The NASDAQ is above the 9-day line and 25-day and below 200-day lines. It is below the clouds on the Ichimoku Chart.
This is a ‘green light’ in the short term and a ‘red light’ in the medium term.
[Outlook for this week]
Looking at the US market from a fundamental perspective, recessionary fears are amplified in the near-term. Other risk factors include inflation and rising interest rates due to the Russia-Ukraine war, recession due to energy shortages and deteriorating political conditions in the EU bloc, US-China trade friction, financial market turmoil caused by the bursting of China's property bubble and credit crunch, and expanding geopolitical risks in the Middle East.
Looking at the technical aspects, the U.S. market is in a medium-term down trend and a short-term up trend. The Japanese market is in a medium-term no trend, and the short-term is up trend.
Analysis of the foreign exchange market shows that the yen has turned stronger since topping out at 156 yen, which was reached in January 2025. This week, the yen is expected to be between 144 and 142 yen.

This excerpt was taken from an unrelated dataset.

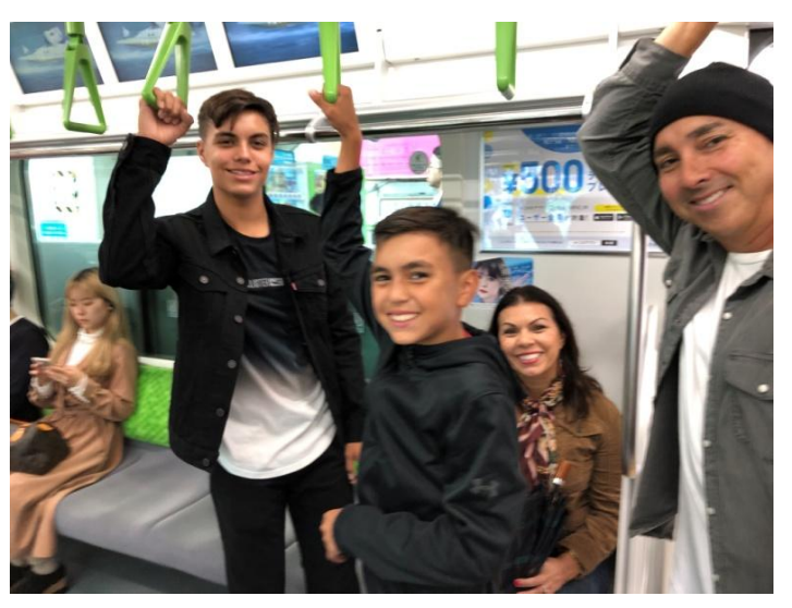
I<sup>st</sup> Train Ride @ Yamanote Green Line

This week's US markets will be focused on potential tariff negotiations between the US and China, the Fed's interest rate decision and subsequent statements from Fed officials, and a string of Q1 earnings reports. There will also be important data releases, including the ISM Services PMI and trade statistics. Globally, the UK monetary policy decision, German manufacturing orders and industrial production, and China's services PMI and new yuan-denominated loans will be in focus.
Last week, the Nikkei 225 remained within the expected range. The upper price was below ¥510 and the lower price was above ¥910.
This week, the Nikkei 225 is expected to move between the Bollinger Band +2σ + ¥800 (currently around ¥38290) on the upside and Bollinger Band +2σ - ¥800 (currently around ¥36890) on the downside.
This week will be a week to see if the Nikkei 225 can move into line with the +2σ Bollinger band or be allowed to bounce back.